▸ PROBLEM DESCRIPTION: Repeat only the lines between the one with "The 9'x12' Levian" and the end of the material below, both ends included. Omit any picture.

▸ AVAILABLE DATA:
*** Block opens ***

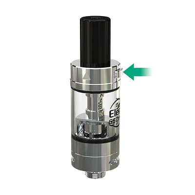 Le réservoir de 2ml, se remplit facilement par le haut. Une simple pression sur le bouton, permettra de faire coulisser le top-cap et d’accéder au trou de remplissage. Garanti sans fuite…
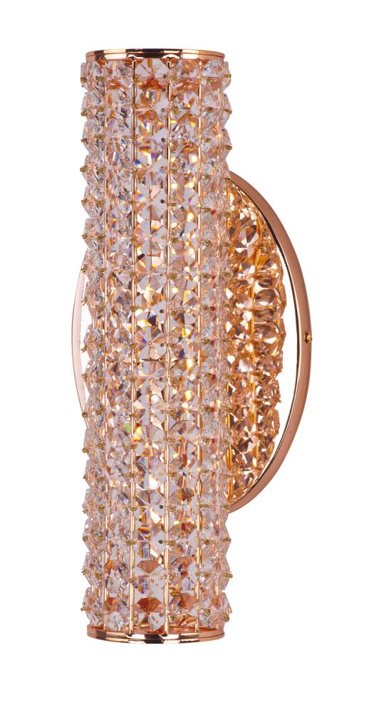 Clear Beveled Crystals Are Strung Onto A Continuous Wire And Wrapped Over A Tubular Metal Frame Finished In Your Choice Of A High Luster Polished Chrome Or Vibrant Rose Gold. Hidden Within The Tubular Frame Is A LED Light Source, Which Not Only Adds Beauty And Sparkle To The Crystal, But Adds Ample Light For The Vanity.
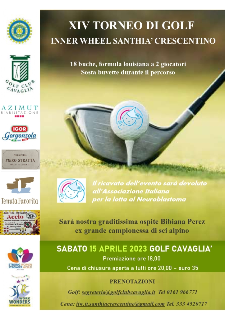 Sabato 15 aprile torna il Torneo Inner Wheel Santhià e Crescentino (Louisiana a coppie, 18 buche Stableford – iscrizione soci 25€, esterni gara+greenfee 75€), evento benefico giunto alla 14esima edizione.
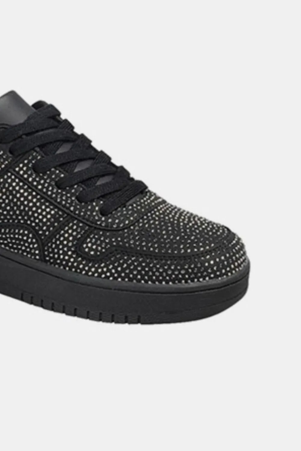 Rhinestone platform flat sneakers are the perfect blend of comfort and bling. The elevated platform provides extra support, making them ideal for all-day wear. Adorned with sparkling rhinestones, they add a fun, eye-catching detail to any casual outfit. These sneakers can effortlessly elevate your look, whether paired with jeans, shorts, or a sundress. Available in various colors, they offer versatility for any occasion. Step out in style and shine with these fashionable and comfy sneakers!
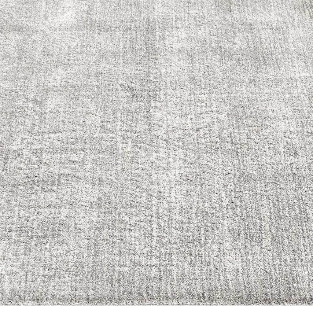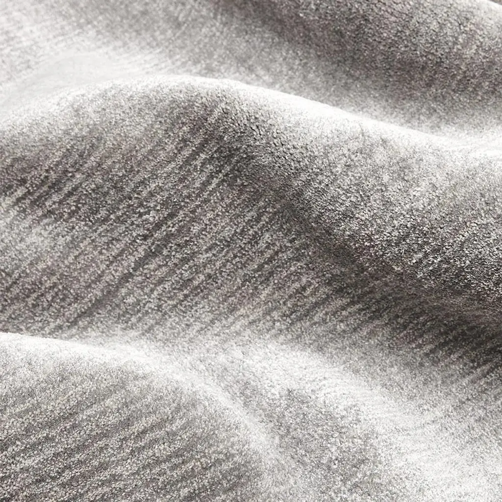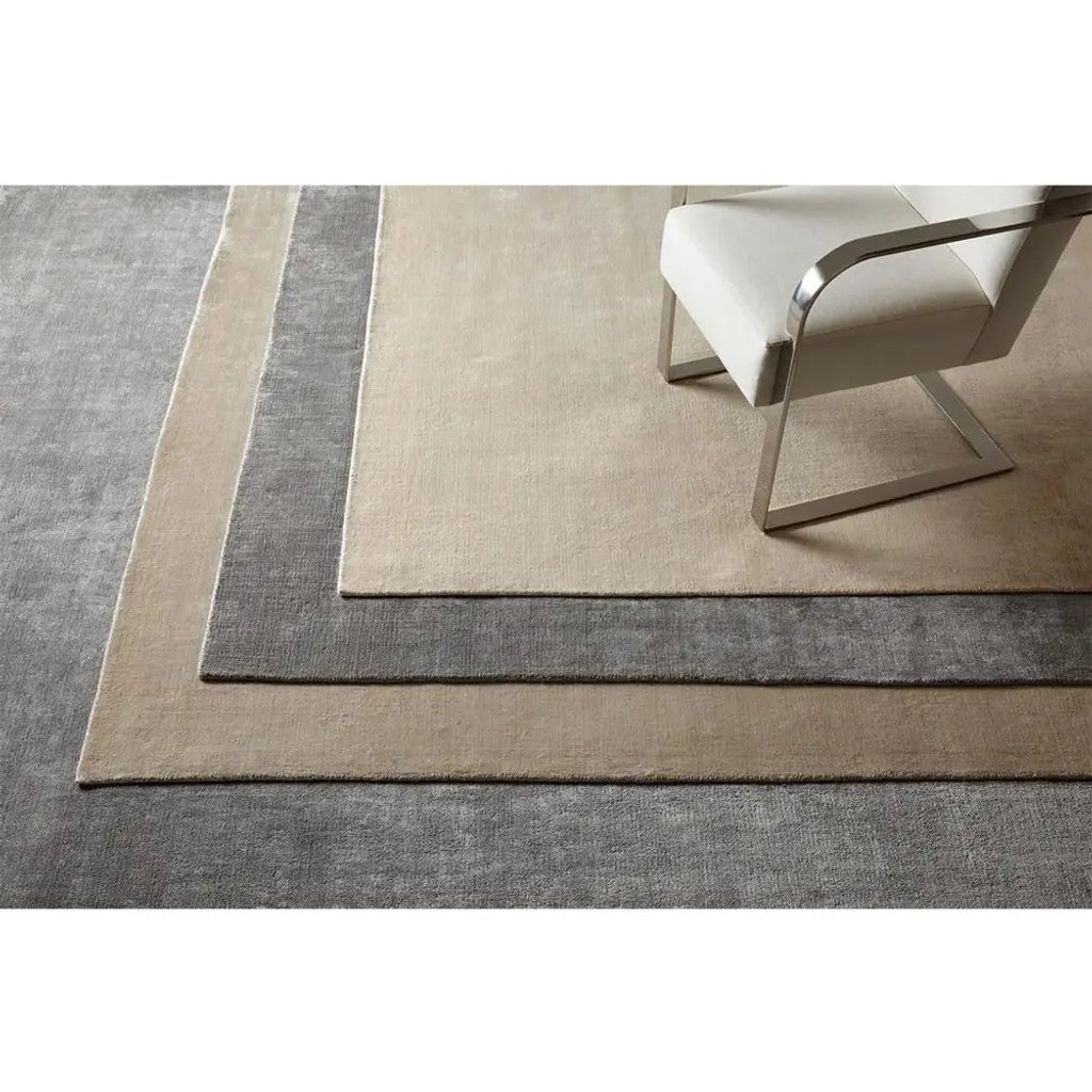 The 9'x12' Levian rug makes an effortless complement to any modern living space. Hand-loomed from a soft blend of linen, viscose, and cotton yarns, tone-on-tone stripes lend subtle depth and dimension to this solid grey rug.
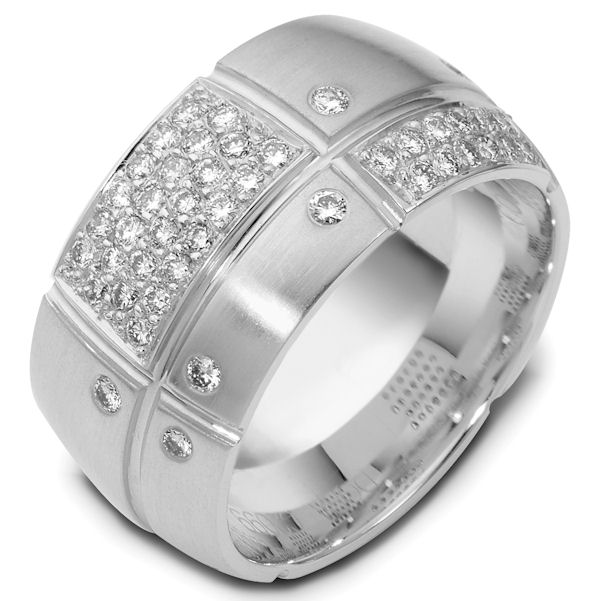 18kt White diamond, comfort fit, 12.0mm wide wedding band. The ring has 0.63 ct tw diamonds, VS1-2 in clarity and G-H in color. There are about 16 round brilliant cut diamonds, each measures about 0.015 ct and about 39 round brilliant cut diamonds, each measures 0.01ct with a total number of 55 round brilliant cut diamonds around the whole band. The ring is 12.0mm wide, comfort fit, and has a matte finish.

*** Block closes ***

▸ TASK SOLUTION:
 The 9'x12' Levian rug makes an effortless complement to any modern living space. Hand-loomed from a soft blend of linen, viscose, and cotton yarns, tone-on-tone stripes lend subtle depth and dimension to this solid grey rug.
 18kt White diamond, comfort fit, 12.0mm wide wedding band. The ring has 0.63 ct tw diamonds, VS1-2 in clarity and G-H in color. There are about 16 round brilliant cut diamonds, each measures about 0.015 ct and about 39 round brilliant cut diamonds, each measures 0.01ct with a total number of 55 round brilliant cut diamonds around the whole band. The ring is 12.0mm wide, comfort fit, and has a matte finish.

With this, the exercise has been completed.